====== Raw data ======

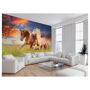 Papel De Parede Animais Casal Cavalos Fazenda 3,5M Anm314
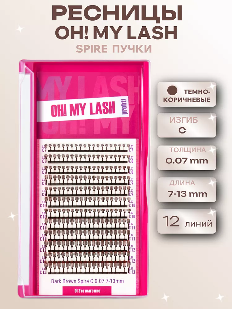 Темно-коричневые пучковые ресницы Spire от OH! MY LASH — это инновационное решение для создания выразительного взгляда с WOW-эффектом. Продукт разработан с учетом современных технологий и одобрен Академией Lovely, что гарантирует его безопасность и гипоаллергенность.
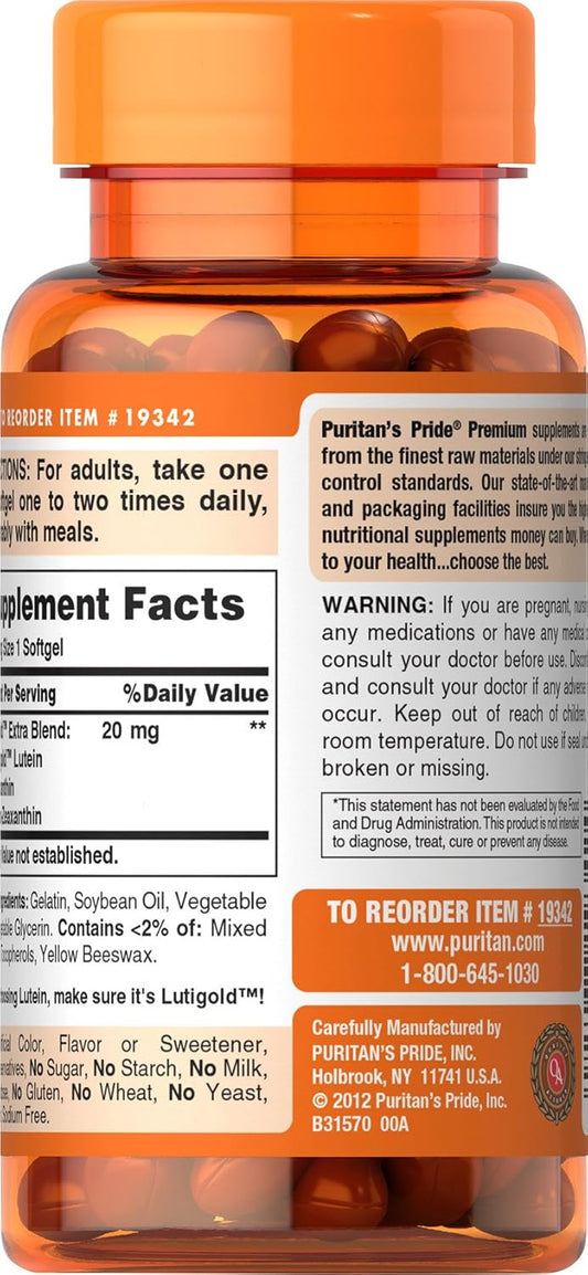 60 Soft Gels Puritan's Pride Lutigold Extra for Healthy Eyes - Lutein, Meso-zeaxanthin, and Zeaxanthin Blend
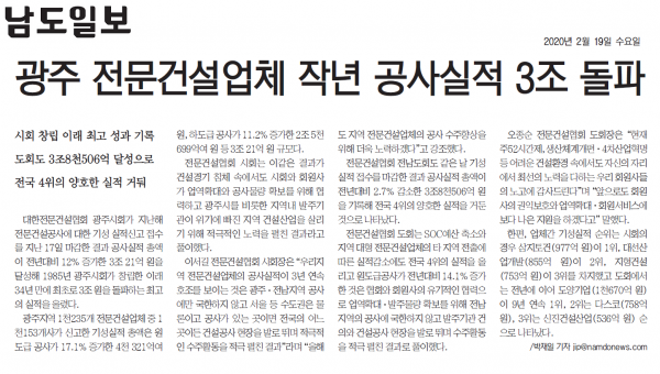 광주 전문건설업체 작년 공사실적 3조 돌파 (남도일보)

======

■ How to complete this task:
Leave the pictures out, and reproduce only the lines from the line holding "Темно-коричневые пучковые ресницы" through the last line of the material, both included.

■ Response box:
 Темно-коричневые пучковые ресницы Spire от OH! MY LASH — это инновационное решение для создания выразительного взгляда с WOW-эффектом. Продукт разработан с учетом современных технологий и одобрен Академией Lovely, что гарантирует его безопасность и гипоаллергенность.
 60 Soft Gels Puritan's Pride Lutigold Extra for Healthy Eyes - Lutein, Meso-zeaxanthin, and Zeaxanthin Blend
 광주 전문건설업체 작년 공사실적 3조 돌파 (남도일보)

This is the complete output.